• _Supplied information_:

+++++

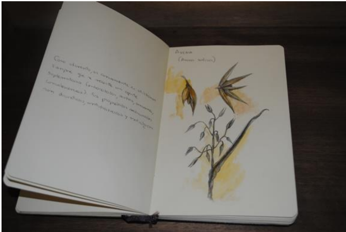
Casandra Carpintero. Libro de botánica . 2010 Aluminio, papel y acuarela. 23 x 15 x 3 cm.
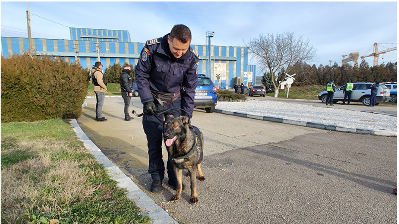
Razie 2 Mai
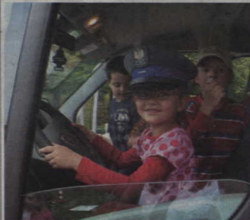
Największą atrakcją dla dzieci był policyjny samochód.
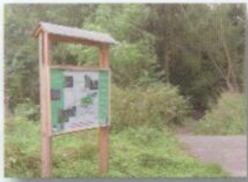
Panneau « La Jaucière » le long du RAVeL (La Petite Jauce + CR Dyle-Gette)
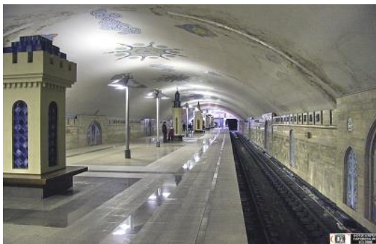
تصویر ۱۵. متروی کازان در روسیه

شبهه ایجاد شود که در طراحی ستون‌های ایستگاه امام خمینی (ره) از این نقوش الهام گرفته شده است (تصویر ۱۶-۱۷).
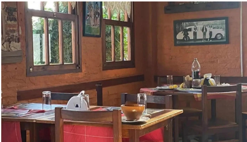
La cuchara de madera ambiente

+++++

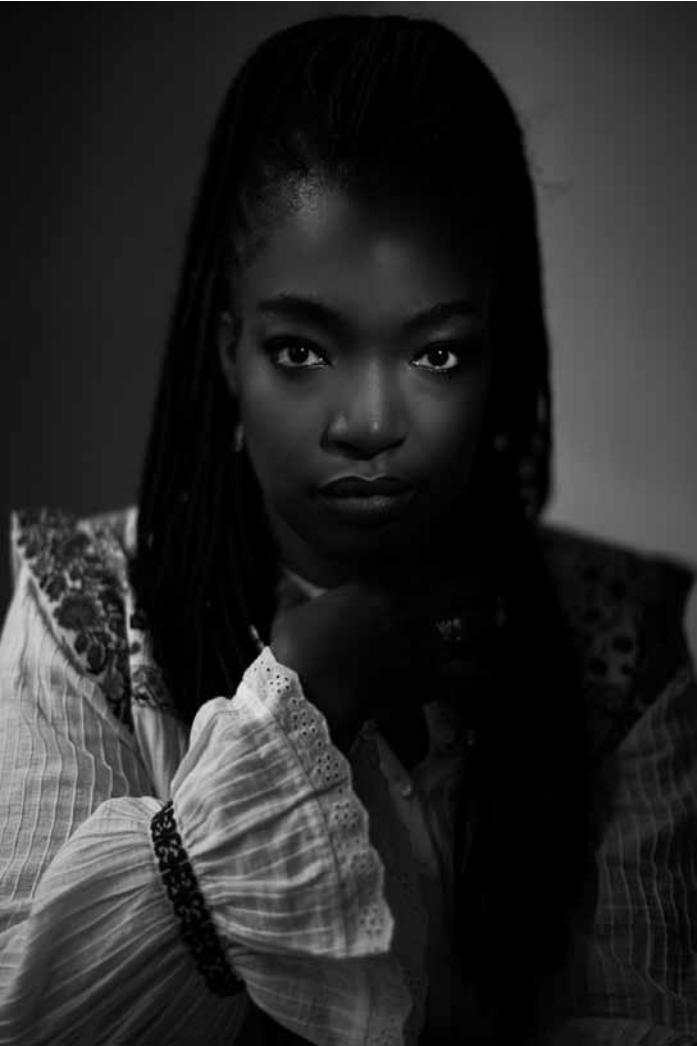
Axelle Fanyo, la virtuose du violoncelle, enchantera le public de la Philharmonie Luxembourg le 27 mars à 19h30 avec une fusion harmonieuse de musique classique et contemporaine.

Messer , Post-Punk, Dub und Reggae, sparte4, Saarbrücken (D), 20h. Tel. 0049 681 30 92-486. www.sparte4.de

+++++

• _Exercise directions_:
Print from the line containing "تصویر ۱۵. متروی کازان در روسیه" through the line containing "La cuchara de madera ambiente" in the data above, exactly as the lines stand, and omit every picture.

• _Answer to the exercise_:
تصویر ۱۵. متروی کازان در روسیه

شبهه ایجاد شود که در طراحی ستون‌های ایستگاه امام خمینی (ره) از این نقوش الهام گرفته شده است (تصویر ۱۶-۱۷).
La cuchara de madera ambiente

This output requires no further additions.